> [DATA SHOWN]:
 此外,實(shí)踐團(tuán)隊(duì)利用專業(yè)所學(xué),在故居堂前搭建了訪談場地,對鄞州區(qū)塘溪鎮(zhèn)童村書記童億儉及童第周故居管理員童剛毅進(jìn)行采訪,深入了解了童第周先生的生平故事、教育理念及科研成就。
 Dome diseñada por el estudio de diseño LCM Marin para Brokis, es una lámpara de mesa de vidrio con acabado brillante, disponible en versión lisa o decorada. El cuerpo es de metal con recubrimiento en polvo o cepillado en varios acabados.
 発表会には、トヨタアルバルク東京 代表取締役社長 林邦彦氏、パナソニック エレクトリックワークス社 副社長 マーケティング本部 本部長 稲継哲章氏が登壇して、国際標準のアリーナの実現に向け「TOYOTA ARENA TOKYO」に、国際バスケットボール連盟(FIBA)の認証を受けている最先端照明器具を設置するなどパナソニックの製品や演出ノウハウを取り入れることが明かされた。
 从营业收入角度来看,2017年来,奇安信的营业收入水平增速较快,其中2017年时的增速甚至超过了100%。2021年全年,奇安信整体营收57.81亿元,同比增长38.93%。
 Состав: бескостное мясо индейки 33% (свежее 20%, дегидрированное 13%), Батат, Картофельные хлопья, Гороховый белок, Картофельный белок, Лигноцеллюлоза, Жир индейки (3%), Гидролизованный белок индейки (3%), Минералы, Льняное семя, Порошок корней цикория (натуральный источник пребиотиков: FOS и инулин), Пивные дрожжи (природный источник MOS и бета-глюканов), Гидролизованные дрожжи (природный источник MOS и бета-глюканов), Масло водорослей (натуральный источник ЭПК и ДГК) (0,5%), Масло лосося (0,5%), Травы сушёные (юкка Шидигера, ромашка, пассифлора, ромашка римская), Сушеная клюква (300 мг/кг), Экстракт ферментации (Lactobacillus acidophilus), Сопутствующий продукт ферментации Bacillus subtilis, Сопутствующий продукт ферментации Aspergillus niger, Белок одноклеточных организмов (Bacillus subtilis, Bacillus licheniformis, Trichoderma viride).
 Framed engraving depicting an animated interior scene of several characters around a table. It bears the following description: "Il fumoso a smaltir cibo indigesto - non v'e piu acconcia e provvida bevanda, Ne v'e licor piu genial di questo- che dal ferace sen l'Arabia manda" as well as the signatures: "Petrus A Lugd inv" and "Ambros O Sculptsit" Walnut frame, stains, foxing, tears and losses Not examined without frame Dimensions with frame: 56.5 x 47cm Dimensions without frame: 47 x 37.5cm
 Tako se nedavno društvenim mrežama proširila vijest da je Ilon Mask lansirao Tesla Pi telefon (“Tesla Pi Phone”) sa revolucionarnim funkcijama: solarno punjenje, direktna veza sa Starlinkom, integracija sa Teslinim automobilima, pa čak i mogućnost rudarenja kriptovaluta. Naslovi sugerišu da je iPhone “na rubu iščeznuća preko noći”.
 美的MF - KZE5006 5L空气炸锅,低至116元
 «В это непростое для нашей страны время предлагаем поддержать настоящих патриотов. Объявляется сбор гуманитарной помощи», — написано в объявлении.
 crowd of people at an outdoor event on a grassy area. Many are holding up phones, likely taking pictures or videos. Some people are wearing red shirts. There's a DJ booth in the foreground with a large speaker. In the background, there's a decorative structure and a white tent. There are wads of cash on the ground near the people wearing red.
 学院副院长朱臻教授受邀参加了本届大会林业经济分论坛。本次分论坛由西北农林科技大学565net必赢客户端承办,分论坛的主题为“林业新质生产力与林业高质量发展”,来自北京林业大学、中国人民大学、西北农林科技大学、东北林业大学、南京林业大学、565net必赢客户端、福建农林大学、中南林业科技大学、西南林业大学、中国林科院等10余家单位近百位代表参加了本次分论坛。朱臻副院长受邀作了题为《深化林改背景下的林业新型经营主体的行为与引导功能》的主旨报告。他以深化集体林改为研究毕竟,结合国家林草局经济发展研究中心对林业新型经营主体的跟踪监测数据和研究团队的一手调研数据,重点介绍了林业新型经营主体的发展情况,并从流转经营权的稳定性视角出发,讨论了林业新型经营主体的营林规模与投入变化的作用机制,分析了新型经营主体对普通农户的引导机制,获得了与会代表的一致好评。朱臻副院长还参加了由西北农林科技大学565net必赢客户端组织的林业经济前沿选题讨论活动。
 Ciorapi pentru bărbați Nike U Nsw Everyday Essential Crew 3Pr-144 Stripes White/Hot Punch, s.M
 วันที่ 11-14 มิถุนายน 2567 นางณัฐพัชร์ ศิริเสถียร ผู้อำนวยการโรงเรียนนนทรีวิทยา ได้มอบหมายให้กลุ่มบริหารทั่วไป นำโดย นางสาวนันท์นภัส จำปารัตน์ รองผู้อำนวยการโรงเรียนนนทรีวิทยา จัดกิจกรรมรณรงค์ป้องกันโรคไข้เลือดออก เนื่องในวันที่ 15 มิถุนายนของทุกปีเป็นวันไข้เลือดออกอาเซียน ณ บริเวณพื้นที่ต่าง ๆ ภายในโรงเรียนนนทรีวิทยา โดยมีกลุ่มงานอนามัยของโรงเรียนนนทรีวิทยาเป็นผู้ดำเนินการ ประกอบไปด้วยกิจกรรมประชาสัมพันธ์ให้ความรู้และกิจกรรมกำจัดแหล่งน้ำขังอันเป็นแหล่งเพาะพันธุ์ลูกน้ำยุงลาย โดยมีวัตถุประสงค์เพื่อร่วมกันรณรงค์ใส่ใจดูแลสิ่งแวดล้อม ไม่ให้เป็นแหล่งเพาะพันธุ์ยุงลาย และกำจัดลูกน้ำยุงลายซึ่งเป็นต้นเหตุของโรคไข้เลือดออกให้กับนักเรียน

> [YOUR OBJECTIVE]:
Only the lines from the start of the material through the line containing "発表会には、トヨタアルバルク東京 代表取締役社長 林邦彦氏、パナソニック" belong in the answer, each copied exactly.

> [RESULT]:
 此外,實(shí)踐團(tuán)隊(duì)利用專業(yè)所學(xué),在故居堂前搭建了訪談場地,對鄞州區(qū)塘溪鎮(zhèn)童村書記童億儉及童第周故居管理員童剛毅進(jìn)行采訪,深入了解了童第周先生的生平故事、教育理念及科研成就。
 Dome diseñada por el estudio de diseño LCM Marin para Brokis, es una lámpara de mesa de vidrio con acabado brillante, disponible en versión lisa o decorada. El cuerpo es de metal con recubrimiento en polvo o cepillado en varios acabados.
 発表会には、トヨタアルバルク東京 代表取締役社長 林邦彦氏、パナソニック エレクトリックワークス社 副社長 マーケティング本部 本部長 稲継哲章氏が登壇して、国際標準のアリーナの実現に向け「TOYOTA ARENA TOKYO」に、国際バスケットボール連盟(FIBA)の認証を受けている最先端照明器具を設置するなどパナソニックの製品や演出ノウハウを取り入れることが明かされた。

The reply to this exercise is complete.